Dave chaired the organising committee of the 2009 UCI Trials World Cup in Rotorua and fills the same role for MTB Events Ltd, the not-for-profit company that holds the licence for Crankworx. As well as his day jobs in the New Zealand Police and a Rotorua Lakes councillor and deputy mayor.
One of the other, lesser-known roles that Dave has filled since 2003 is director of the mountain bike course for Xterra. He helps design that course and, along with Shreeve, wrangles the marshals.
I've marshalled on Xterra since 2003, missing only one year.
Dave's work on this is always super-organised and it's a pleasure to rock up to briefing early on event morning. It's a wonderful team of people and the bonus, the last two years, has been seeing local Sam Osborne on his ride to the men's title.
Keep in mind that for the last few years Dave has worked on Xterra in the shadow of Crankworx. While his time is stretched, the briefing notes, marshal lists, maps, radios, lunches, high-vis vests, first aid kits and radios are always there, all ready to go at 8am.

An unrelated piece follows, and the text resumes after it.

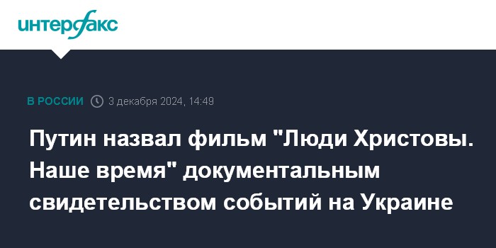 Путин назвал фильм "Люди Христовы. Наше время" документальным свидетельством событий на Украине
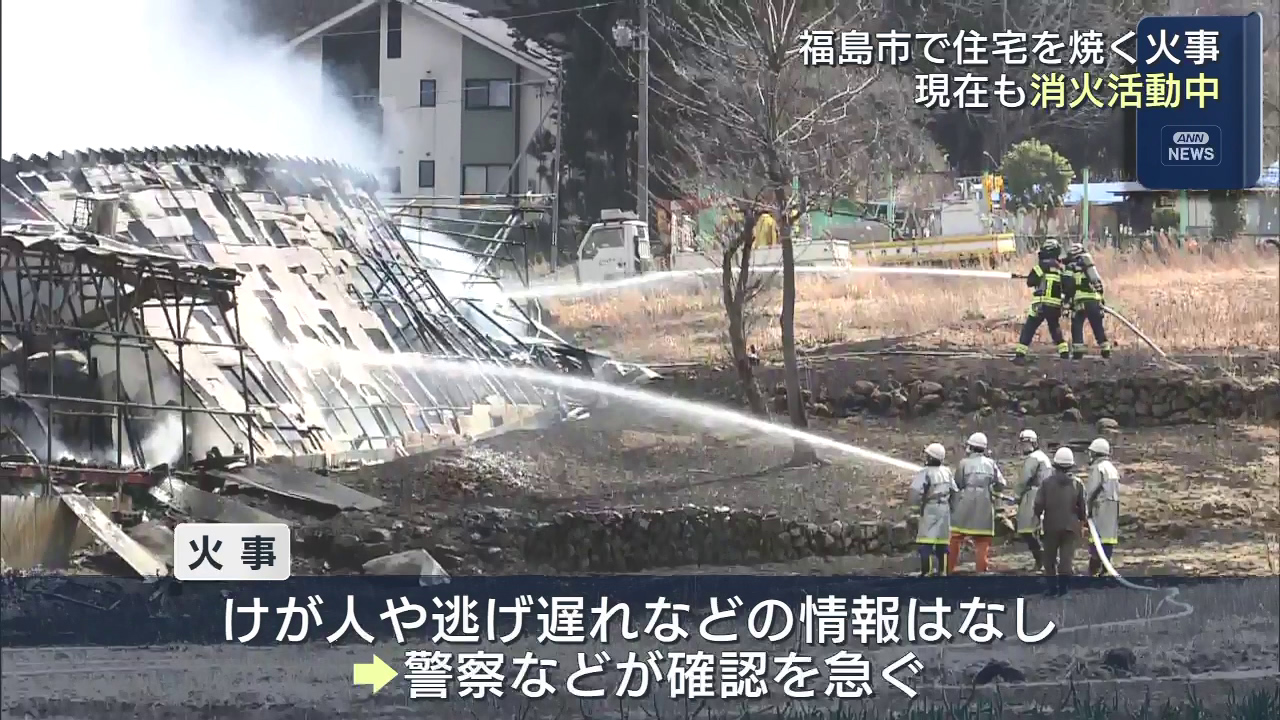 福島市の住宅で火事があり、消防が消火活動を行っています。火事があったのは福島市大波の住宅とみられる建物です。消防によりますと24日午前10時半ごろ、近くに住む人から「炎と黒煙が見える」と119番通報がありました。燃えているのは、2階建ての住宅とみられ...

It's a cliche to talk about "tireless commitment".
In this case it's true, but if anyone in our mountain bike community has a reason to be tired, it's Dave.
As the rain drifted in on that Saturday in March and the Slopestyle was looking less and less likely, I decided to head home.
On the way to the carpark, I came across another Rotorua legend, Ash Edwardes. He does a lot of the maintenance work in our trail network, including clearing a record amount of windfall over the last year.
His enthusiasm is infectious and he was especially effusive about how the Turbo Levo ebike, donated by Specialized and Cyclezone, has made his mahi so much speedier and easier. Access time is well down and so is the physical wear and tear, not having to pedal or hike in.
We talked for quite a while until the rain got really heavy, we both finally realised how cold it was and my old riding jacket finally gave up the ghost after over 15 very hard years and was leaking like a sieve.
It's almost winter - I really need to get a new one.